On this blog post, we are going to show how you can control access to documents on AWS OpenSearch Services. The solution we designed and implemented base on the specific use cases, but the solution could be tweaked to be used in other use cases.
The technologies we will use in this solution are:

Solution Overview

The were two Elasticsearch domains mainly to store the applications' logs. One domain is dedicated to the production logs and the other domain is dedicated to other environments logs such as development and testing. The solution was lacking authentication and authorization, who has VPN access can access Kibana and search any document stored in the Elasticsearch domain. The main drive to upgrade to AWS OpenSearch is control access to data stored in the domain based on RBAC model and also have the new nice feature in OpenSearch such as Warm and Cold Storage which eventually reduce cost.
The requirements for this solution are:

  1. Authenticate users using Azure AAD.
  2. Allow teams to access their data that belongs to their applications or infrastructure.
  3. Have one OpenSearch domain for all environments log data.

In this post will not explain how to flow data from your applications or infrastructure to OpenSearch, this will be another blog post series.

Before we go into details, I recommend to go through fine-grained access control

Authentication Implementation

Now we have three requirements, we will start the implementation one by one. This requirement started by collaborating with Azure AD team to design the authentication process.

  • Each team will be assigned two Azure AD groups Dev and Lead.
  • Azure AD team creates an application on AAD.
  • OpenSearch configures the authentication using SAML 2.0 with AAD.
  • User will access OpenSearch Dashboards (previously Kibana) from myapplications.microsoft.com.
  • The Authentication process will start by checking the user permission to access the AAD application or not (Assigned by AAD team), then the user is authenticated against AAD and if successful return SAML ticket is returned to OpenSearch.

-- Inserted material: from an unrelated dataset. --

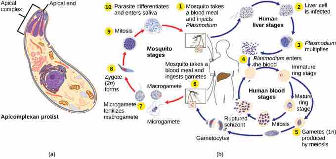 (a) Apicomplexans are parasitic protists. They have a characteristic apical complex that enables them to infect host cells. (b) Plasmodium, the causative agent of malaria, has a complex life cycle typical of apicomplexans.
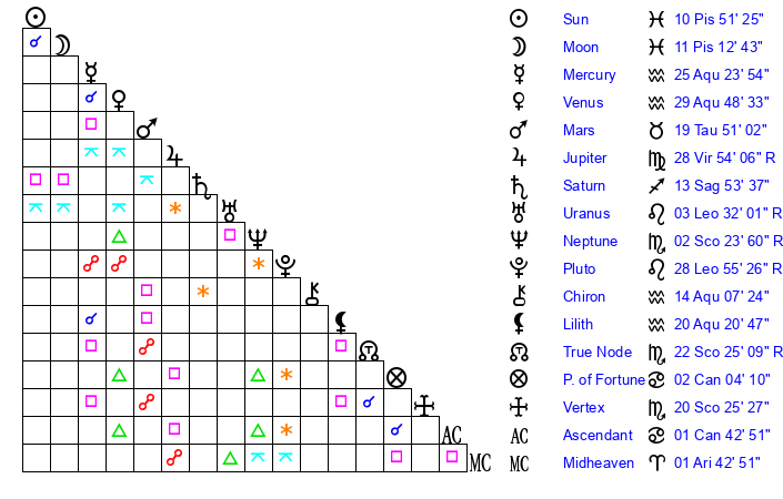 | Sun | 10 Pisces 51 | 11 Pisces 22 | 17 Taurus 49 |

Notice: Before configuring SAML with OpenSearch, login using your admin user and map your Azure AAD group to the predefined role all_access otherwise you will not be able to perform most of actions.

In this process you are only required to configure OpenSearch with SAML authentication, the following blog post show you can configure SAML for OpenSearch here

Authorization Implementation

First, we need to explain some concept about RBAC on OpenSearch. Permissions are managed on OpenSearch using roles, users and mappings.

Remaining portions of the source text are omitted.